Once your data is ready, start pre-training as follows.

python main_pretrain.py 80x208p16x16_your_test --input_size 80x208 --data_path lms_fsd50kdev --dataset trainingfiles --model=mae_vit_base_patch16x16

3-1. About run folders

The training loop creates a folder called the run folder to store artifacts of your training run, such as a log, visualizations, and checkpoints. In the example above, the 80x208p16x16_your_test is the run folder name which has a format below:

<input_size>p<patch_size>_<your_free_string>
 - input_size: Two integers concatenated with `x`.
 - patch_size: Two integers concatenated with `x`.
 - your_free_string: Optional.

NOTE: When a model is evaluated by EVAR or hear-eval-kit, the input and patch size parameters written in the run name are used.

3-2. Evalidation during training

The training loop takes two actions for evaluating checkpoints during training: visualization and calling an external command quick_eval.sh (EVAR by default).

While training, main_pretrain.py will call a script named quick_eval.sh for every 20 epochs by default. You can edit quick_eval.sh for your purpose.
The training loop also visualizes reconstruction results using checkpoints. You can find them under the sub-folder of the run folder, such as 80x208p16x16_tttt/19. The folder contains raw results in .npy and image files in .png as the following examples.

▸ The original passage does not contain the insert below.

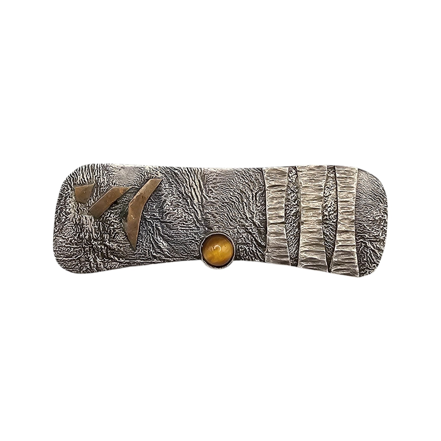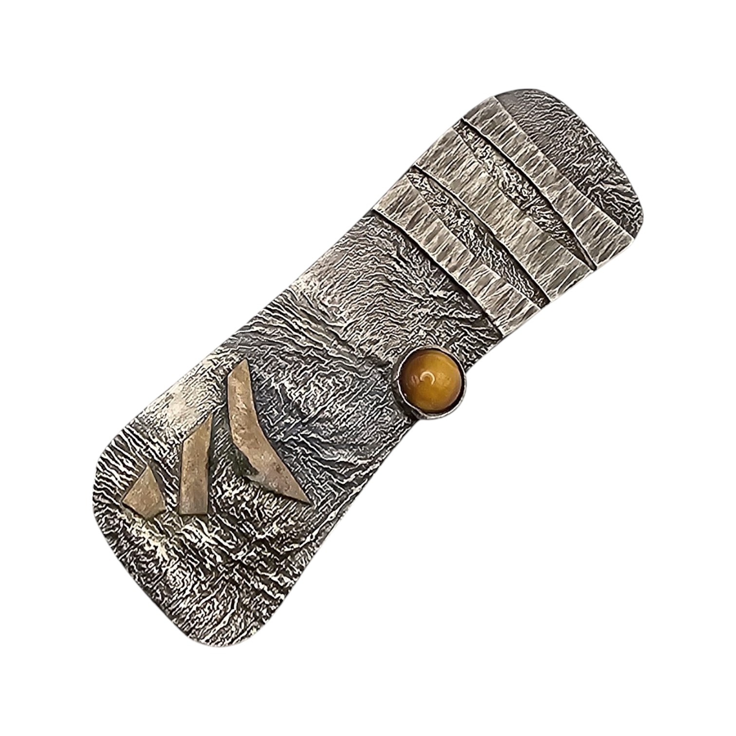Tiger’s Eye Sterling Silver Modernist Brooch 6 G

4. Visualization & Audio Examples

👉 Visualization example notebook and Vizualization & Audio example notebook are available. 👈

The Visualization example notebook shows how to visualize reconstruction results as well as attention maps.

Download AudioSetWav16k_examples.zip that contains example wave samples from the releases and unzip the zip file in the misc folder beforehand.

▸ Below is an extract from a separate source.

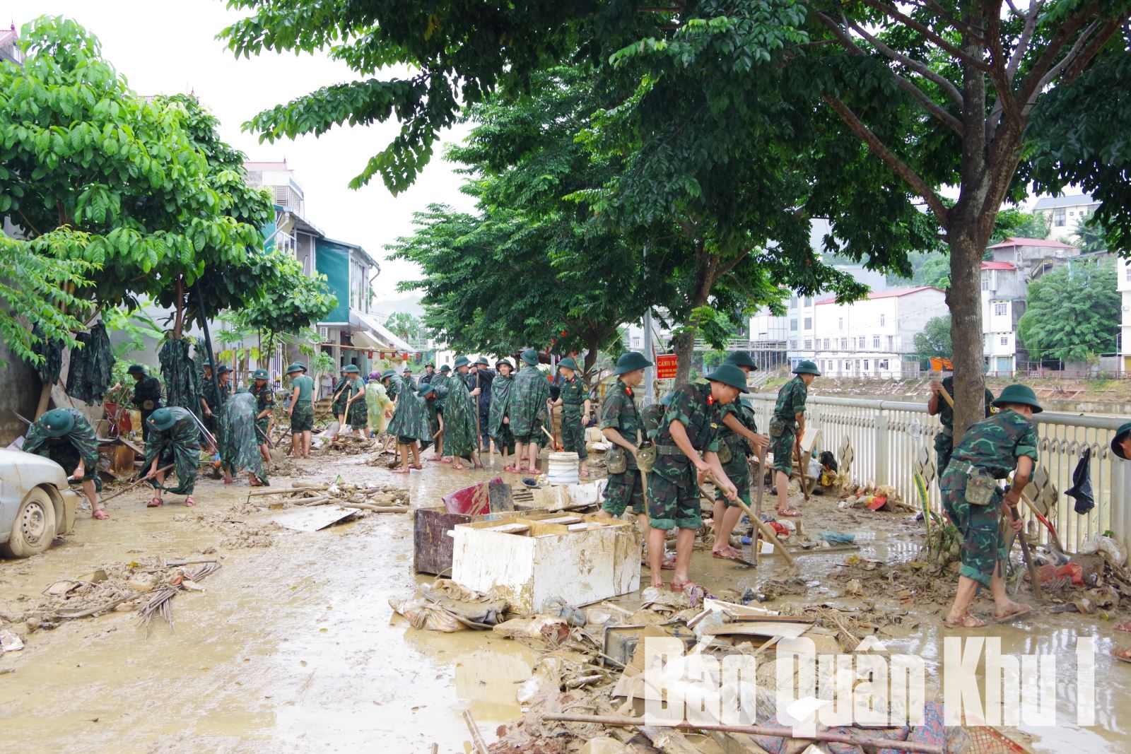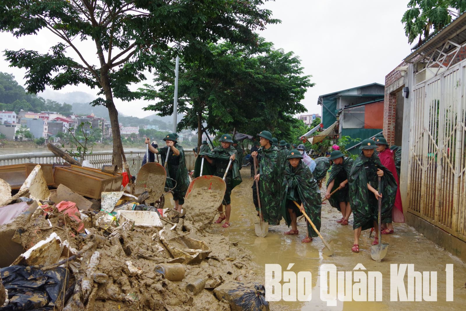 Do ảnh hưởng của trận lũ lịch sử gây ngập lụt tại nhiều nơi trên tỉnh Cao Bằng lượng rác thải tồn đọng và các vật dụng hư hỏng của các nhà dân ùn ứ tại các tuyến phố trên địa bàn phường Thục Phán mặc dù đã được các lực lượng chức năng phối hợp với công ty môi trường dọn dẹp nhưng lượng rác thải rất lớn vẫn chưa thể dọn hết. Cán bộ chiến sĩ Trung đoàn 852 đã tích cực cùng nhân viên môi trường thu gom rác thải vào địa điểm tập kết để xe chuyên dụng mang đi xử lý.

Here are reconstruction examples:

recon512

Here are attention map examples:

attn512

In addition, Vizualization & Audio example notebook shows how we can invert these log-mel spectrograms to audios using librosa.feature.inverse.mel_to_audio. Two examples from the notebook follow:

📣 Sound1 Input → 📣 Reconstruction
📣 Sound2 Input → 📣 Reconstruction

5. Pre-trained Weights and Network Structure Details

Three pre-trained weights are published on the releases, and the followings are their EVAR task results:

weight	esc50	us8k	spcv2	vc1	voxforge	cremad	gtzan	nsynth	surge
80x512p16x16_paper	89.1%	84.3%	93.1%	56.1%	97.5%	70.1%	79.3%	76.9%	37.5%
80x512p16x16_0425	88.9%	84.0%	92.4%	56.5%	96.8%	67.6%	81.4%	76.1%	37.4%
80x208p16x16_0422	87.1%	82.2%	91.1%	49.7%	95.6%	66.9%	75.9%	76.5%	37.8%

80x512p16x16_paper: This weight is the pre-trained weight used to calculate the numbers in the paper, trained on our old unpolished code. Cannot be used for visualizations due to a minor difference in the decoder structure.
80x512p16x16_0425: This weight is a pre-trained weight that is trained with the current code to check reproducibility.
80x208p16x16_0422: This weight is a pre-trained weight that is trained with the current code to check reproducibility.

FYI: You can check a notebook that summarizes EVAR task results.

5-1. Network Structure Details

Our ViT network implementation has three minor differences from the original MAE implementation, due to historical reason. (We have already been testing based on pengzhiliang/MAE-pytorch in late 2021, before the MAE implementation became available.)

Our implementation follows BEiT, where the k bias is always zero in the Attention calculation. Though it is explained to be equivalent in terms of calculation results, we keep this implementation in our network for better reproducibility.
[CLS] token is removable by the option --no_cls_token.
The decoder uses 1d positional embedding. You can switch to the 2d version by the option --dec_pos_2d.

6. License

See LICENSE for details.

Acknowledgements

Our code is based on the MAE PyTorch/GPU re-implementation of the paper Masked Autoencoders Are Scalable Vision Learners.
We also refer to another implementation of MAE, pengzhiliang/MAE-pytorch.
We use nnAudio (KinWaiCheuk/nnAudio) for converting raw audio into log-mel spectrogram.

We appreciate these publicly available implementations and all the modules our experiments heavily depend on!